Association. That was the path, just as it has always been for those seeking to stop authoritarian movements. In How Democracies Die, Harvard government professors Steven Levitsky and Daniel Ziblatt highlight a couple of cases in which countries seemingly bound for autocracy—Belgium in the 1930s is a prime example—saw the formation of political fronts consisting of all those parties which viewed their democratic backsliding as a greater danger than whatever near-term political issues were at stake in those days. In unity there is great power against avaricious and hateful movements. Conversely, wallowing in one’s own perceived brilliance for having temporarily stayed the roving eye of fascism even as unrealized allies go to their doom—well, pyrrhic victories are definitionally of no more value than defeats. We all become unpitied sacrifices.

As July strains toward August, barely six months into the Trump era, we, the United States, have constructed an actual honest to God concentration camp, the so-called Alligator Alcatraz—a collection of tents surrounded by razor wire, plopped in the middle of an inhospitable Florida swamp infested not only with alligators but with a far more effective killer: mosquitoes. The temperatures sit day after day in the high 90s, and the dripping wet air is nearly unbreathable. Into each tent is packed 32 inmates, all sharing a single water source—a toilet. People revel in this cruelty; showing up to take photos in front of the camp sign, buying hats and t-shirts, acts of wanton depravity we have long used to distinguish the bad guys from the good in movies and TV shows.
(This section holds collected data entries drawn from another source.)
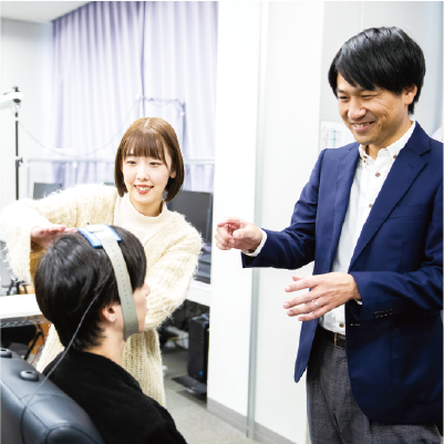 これまでの研究から、運動療法や物理療法などの理学療法を行うことで、脳機能が変化し、運動機能やバランス機能が改善することが分かっています。しかし、そのメカニズムについては未知な部分も多く、意図的に脳機能を変化させるために必要で、効果的な運動や刺激、またその種類や時間など、解明しなければならないことは山積みです。本Labでは、痛みを感じさせることなく脳を刺激する方法である“非侵襲的脳刺激法”を用いて、運動機能やバランス機能を改善させる刺激方法・治療方法の開発を目的とした研究を行っています。
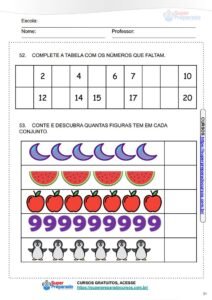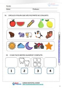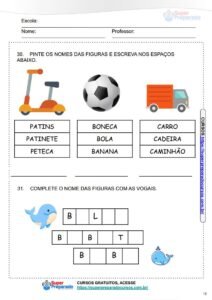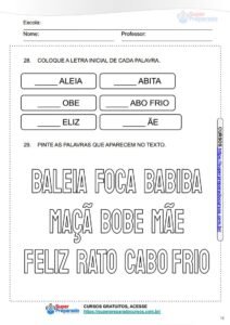 Atividades para imprimir. São diversas atividades em PDF para baixar. Podem ser utilizadas em sala de aula por professores e também pelos pais de alunos em casa. As atividades podem servir como complemento de reforço escolar ou utilizadas no plano de aula. Ótimas atividades que estão de acordo com as habilidades e competências da BNCC. O material consiste em uma apostila de atividades para o 1° ano do Ensino Fundamental. Baixe o material e bons estudos!
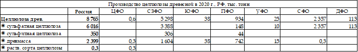 Производство сульфатной целлюлозы лидирует в совокупном выпуске древесной целлюлозы. Наиболее высокие объемы выпуска сульфатной целлюлозы зафиксированы в СЗФО, 59%. В СФО выпускают 36% сульфатной целлюлозы. Древесную массу в наибольших количествах также производят в СЗФО, доля 64%. Второе место занимает ПФО, доля 34%.
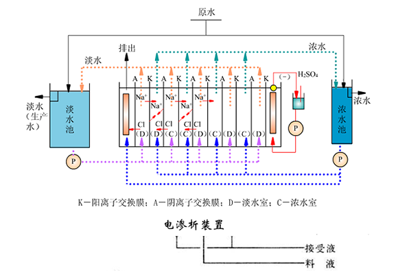 陰膜只讓陰離子穿過;陽膜只讓陽離子穿過。如圖所示,在直流電場的作用下,Na+離子向陰極移動,Cl-離子向陽極移動。又由于離子交換膜的選擇透過性,使Cl-離子只能透過陰離子交換膜、Na+離子只能透過陽離子交換膜。在Cl-離子和Na+離子都遷出的隔室為淡化室簡稱為淡室,Cl-離子和Na+離子都遷入的隔室為濃縮室簡稱為濃室。分別將各濃、淡隔室的水流匯聚引出,便產(chǎn)生兩股主水流,脫鹽水和濃縮鹽水。
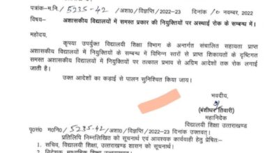 देहरादून। उत्तराखंड में अशासकीय स्कूलों में मनमानी भर्ती और गड़बड़ियों का शिक्षा महानिदेशक बंशीधर तिवारी ने संज्ञान लिया है। डीजी…
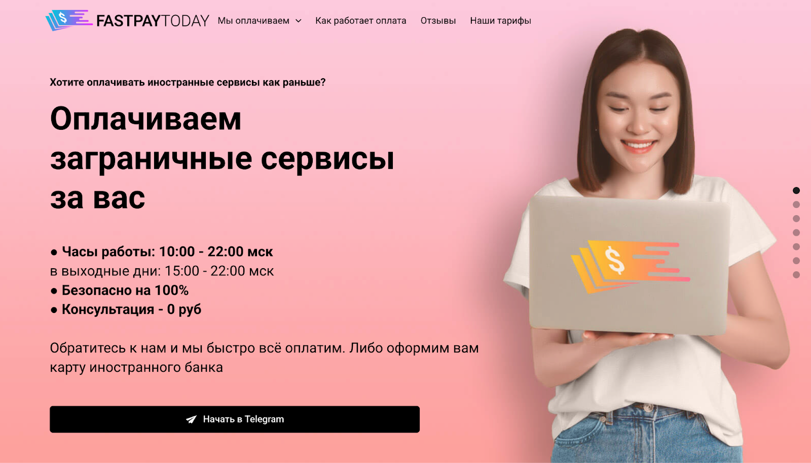 Fast Pay Today позиционируется как посредник между клиентом и иностранными сервисами. Проект обещает оплату подписок, маркетплейсов, авиабилетов, бронирований и цифровых сервисов. В промо материалах встречается формулировка про FastPay Today оплачиваем зарубежные сервисы за вас, что отражает основную модель работы. Пользователь переводит средства в рублях, после чего команда проводит оплату через свои инструменты.
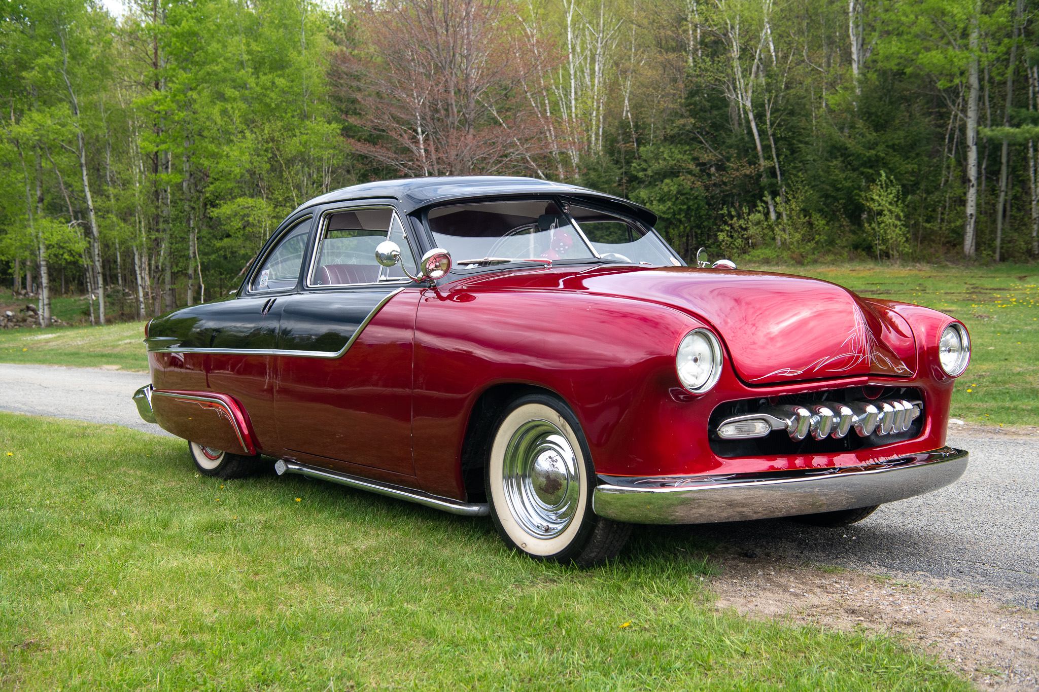 This custom 1949 Ford Tudor Coupe exudes classic Americana with its blend of maroon and black paint and vintage touches like a DeSoto grille, Pontiac side trim, and Packard taillights. The coupe features retro styling elements such as a roof visor, split windshield, and dual spotlights paired with chrome 15-inch wheels wrapped in wide whitewall tires. Inside, the maroon and white interior adds to the nostalgic vibe, powered by a 239ci V8 with dual Stromberg carburetors.
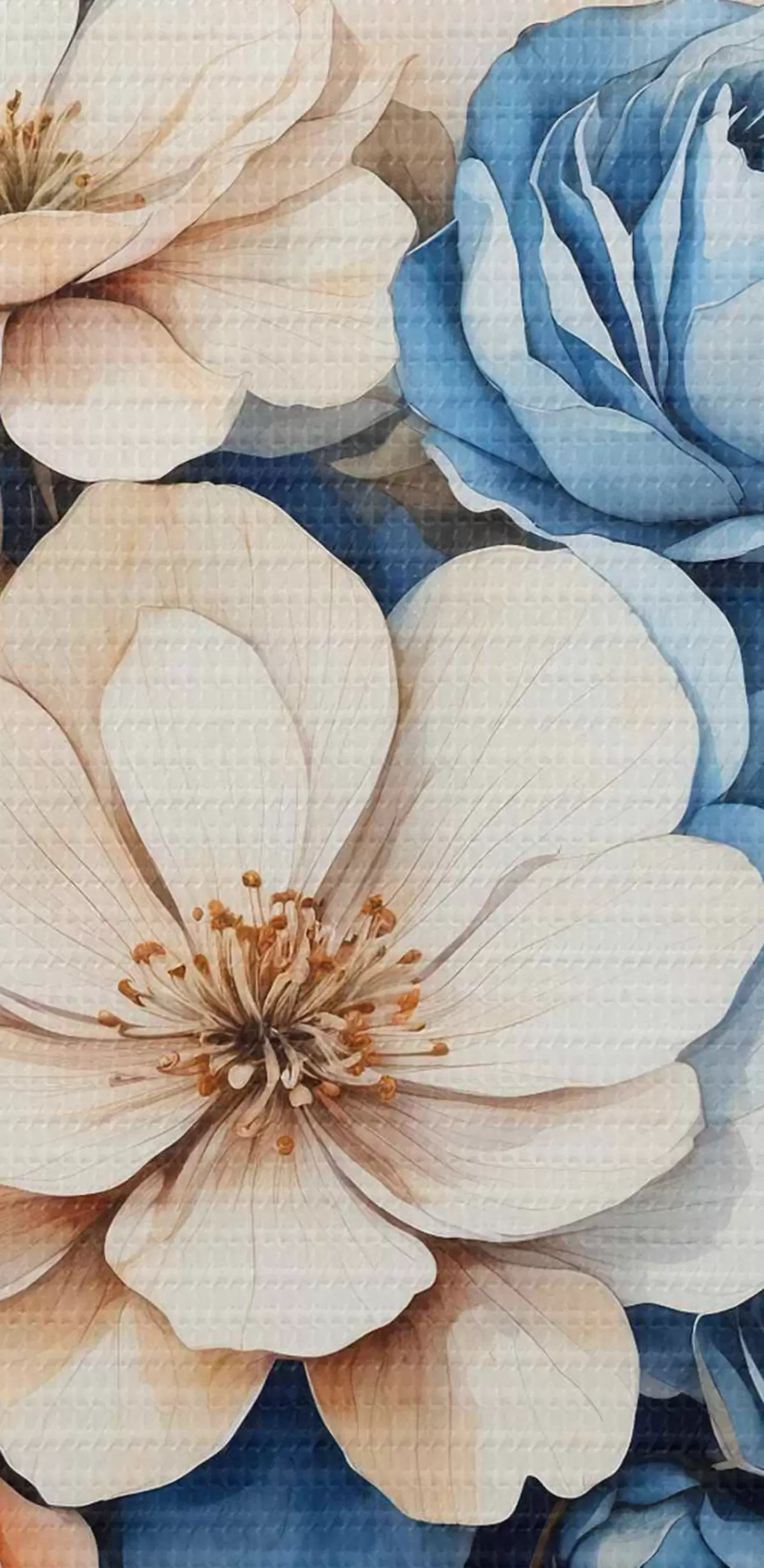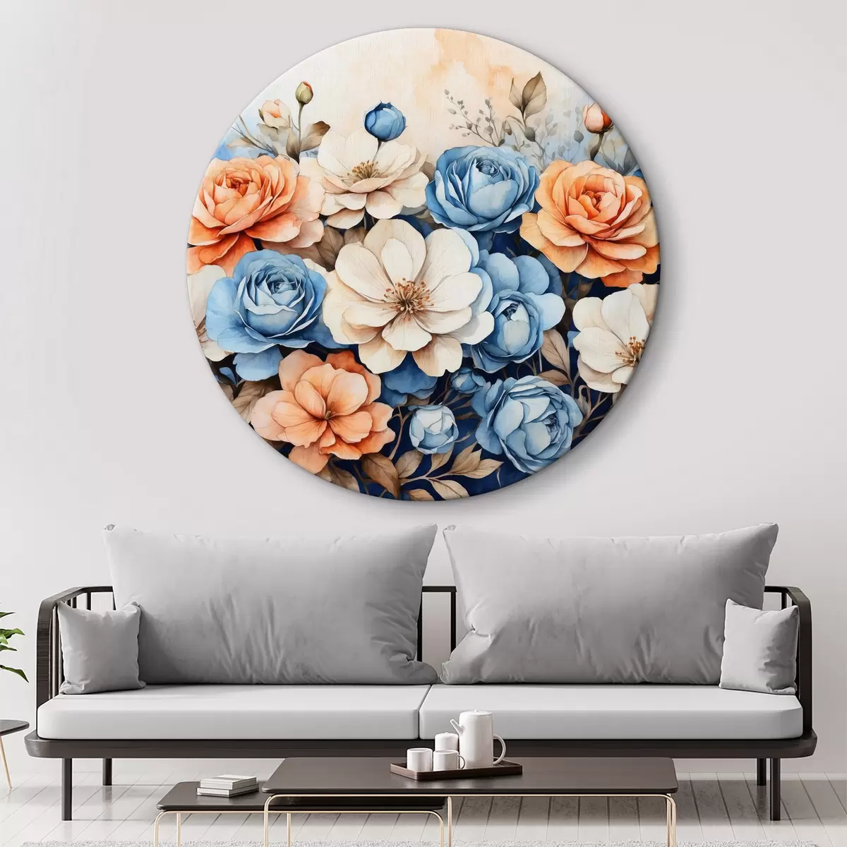 Ronde schilderijen Afbeelding van bloemen op een blauwe achtergrond Nr r37335
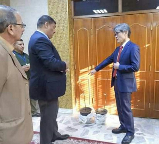 وكانت الهدية عبارة عن عدة شجيرات {ساكورا} صغيرة معه جلبها سفير اليابان لدى العراق من بلاده لتجربة زراعتها في العراق، حتى انه وقام بتقديم اثنتين منها لتزرع في متنزه الزوراء مع الأمل بتكثيرها في حال نجاح التجربة.
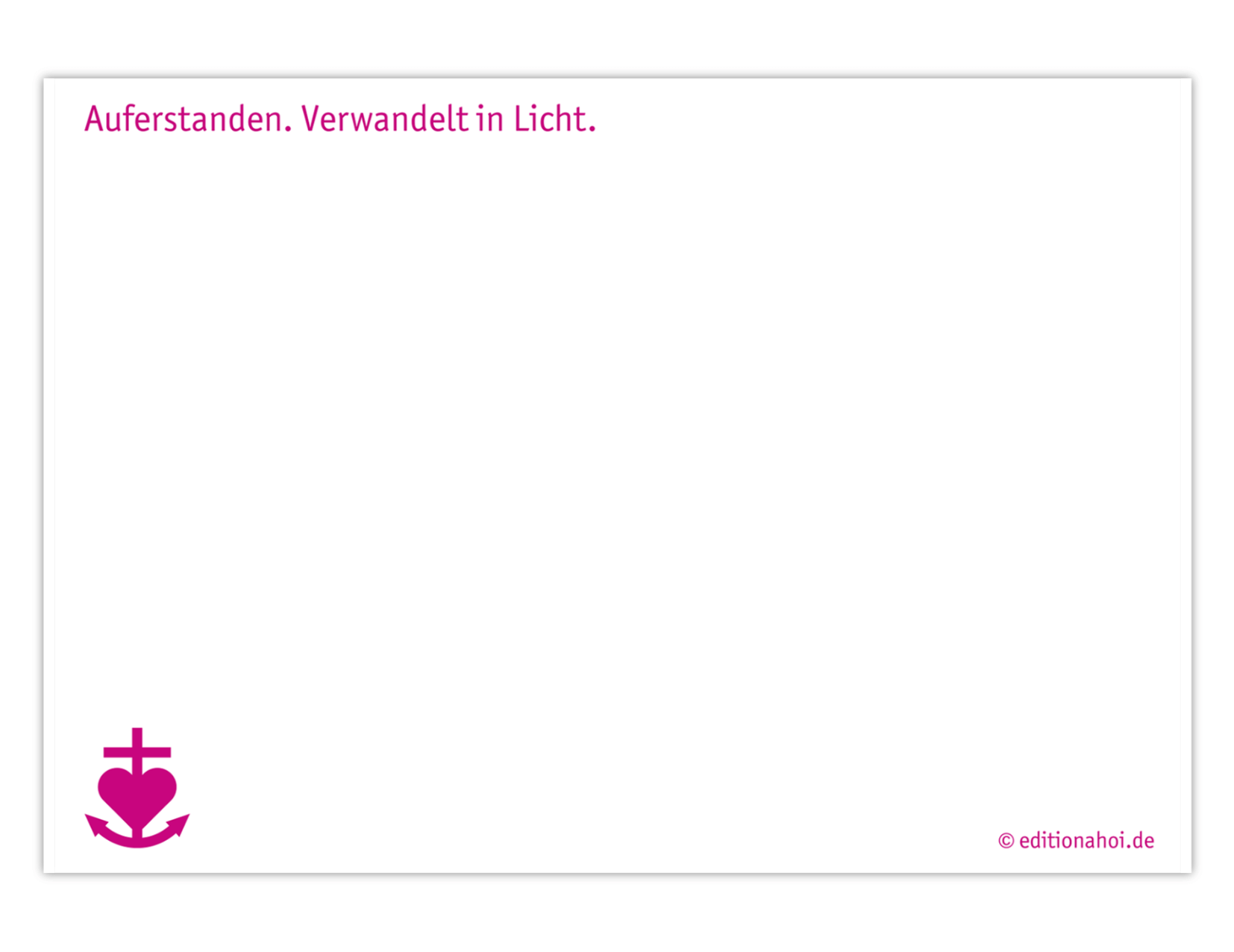 Die Postkarte hat eine leere Rückseite mit kurzem Satz am oberen Rand: Auferstanden. Verwandelt in Licht.

We aren’t actively gassing or shooting the inmates of this camp, but one should remember that they didn’t gas people in Dachau either. The camps in Germany were merely a place to house people, well away from the courts, until they could be shipped off to black holes in other countries, where they could be exterminated out of the view of German citizens. We, in fact, started with shipping people—illegally—to prisons in other countries where they are literally tortured. How many have died already? How many more will die?
Against that backdrop, patting oneself on the back for avoiding the ire of the Trump administration seems grotesque, a bureaucratic version of Jewish collaborators in camps and ghettos seeking to save their own skin by sacrificing those around them. It’s anyone’s guess what will happen next—sometimes it seems that the unpopularity of Trump’s program will be his undoing. But it’s not a matter that can be left to chance.
“Human progress is neither automatic nor inevitable....” said local hero Martin Luther King, Jr, “Every step toward the goal of justice requires sacrifice, suffering, and struggle; the tireless exertions and passionate concern of dedicated individuals.”
To that notion I would pair another, from Kurt Vonnegut, "We are never as modern, as far ahead of the past as we like to think we are."